Один из документов, который был подготовлен в недрах Сибирской академии наук под руководством А. Аганбегяна и Т. Заславской, попал в руки Итальянской коммунистической партии и вызвал на Западе сенсацию. Новосибирский документ приходил к выводу, что советское общество «представляет отныне устаревшую систему производственных отношений и управления народным хозяйством, порождающую постоянный спад производства, постепенную утрату заинтересованности трудящихся в результатах своего труда, неспособность обеспечить полное и адекватное использование трудового и умственного потенциала общества…
Процесс модернизации социалистических производственных отношений сложнее, чем это представлялось, так как существующую систему должны изменять социальные группы, занимающие довольно прочные позиции в системе и, следовательно, связанные с ней сильными интересами…» Необходимо «мобилизовать заинтересованные в изменениях группы и одновременно нейтрализовать группы, потенциально выступающие против реформ»[502].
При Андропове произошло возвращение на родину из «дипломатической ссылки» будущего «архитектора Перестройки» А. Яковлева, который вскоре стал координатором «мозгового треста» Горбачева. С подачи Горбачева в мае 1983 г. Яковлев был назначен директором Института мировой экономики и международных отношений. Андропов санкционировал это назначение, хотя осторожно относился к Яковлеву и отвечал на заверения Горбачева в интеллектуальных способностях посла: ”Это верно, голова у него есть, и даже не одна»[503]. Возвращение в Москву не изменило Яковлева. По наблюдению А. Черняева он был «настроен по–прежнему зло, саркастически»[504]. Но такой человек и был нужен Горбачеву.
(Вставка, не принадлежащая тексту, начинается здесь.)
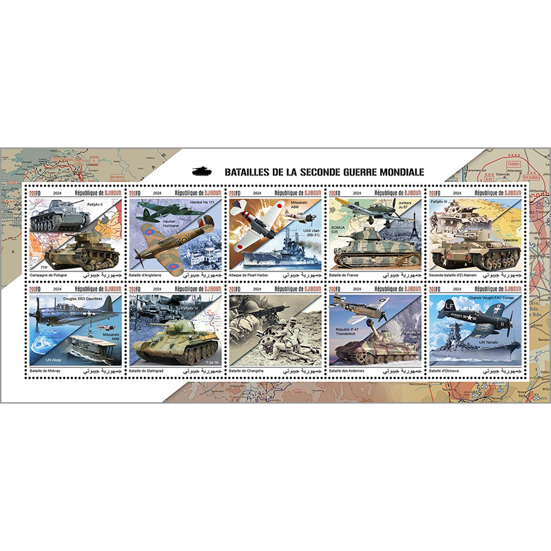 ポーランド侵攻(1939年)、バトル・オブ・ブリテン(1940年)、真珠湾攻撃(1941年)、フランスの戦い(1940年)、エル・アラメインの戦い(1942年)、ミッドウェー海戦(1942年、ダグラスSBD「ドーントレス」と三菱 A6M「零戦」空母「赤城」)、スターリングラードの戦い(1942〜43年)、長沙の戦い(1944年)、アルデンヌ(バジル)の戦い(1944〜45年)、沖縄戦(1945年)。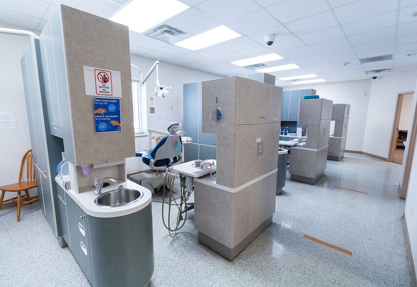 - 8 dental operatories with flatscreen televisions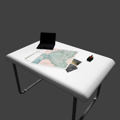 Table with laptop, radio and documents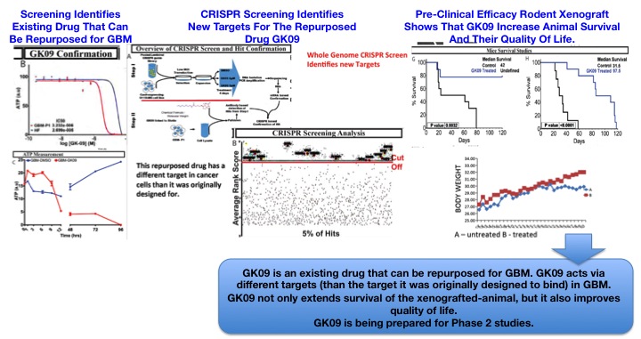 K-Life Solutions identified GK09, an existing drug that can be repurposed for treating GBM. Xenografted mice treated with GK09 survive better than controls. In addition to survival, they show increase in body weight and have an over all better quality of life.

Созданный Горбачевым и Рыжковым «мозговой трест» был призван нащупать основные направления экономических преобразований. «Считаю, — утверждал несколько лет спустя Н. Рыжков, — что истоки перестройки относятся к началу 1983 г., к тому времени, когда Андропов поручил нам — группе ответственных работников ЦК КПСС, в том числе мне и Горбачеву, подготовку принципиальных положений по экономической реформе»[505]. Что подготовили, то потом и провели. Здесь и кроется ответ на вопрос: какие бы экономические реформы провел Андропов, проживи он дольше? Да те же, что и Горбачев в 1985–1986 гг. – до первого кризиса Перестройки.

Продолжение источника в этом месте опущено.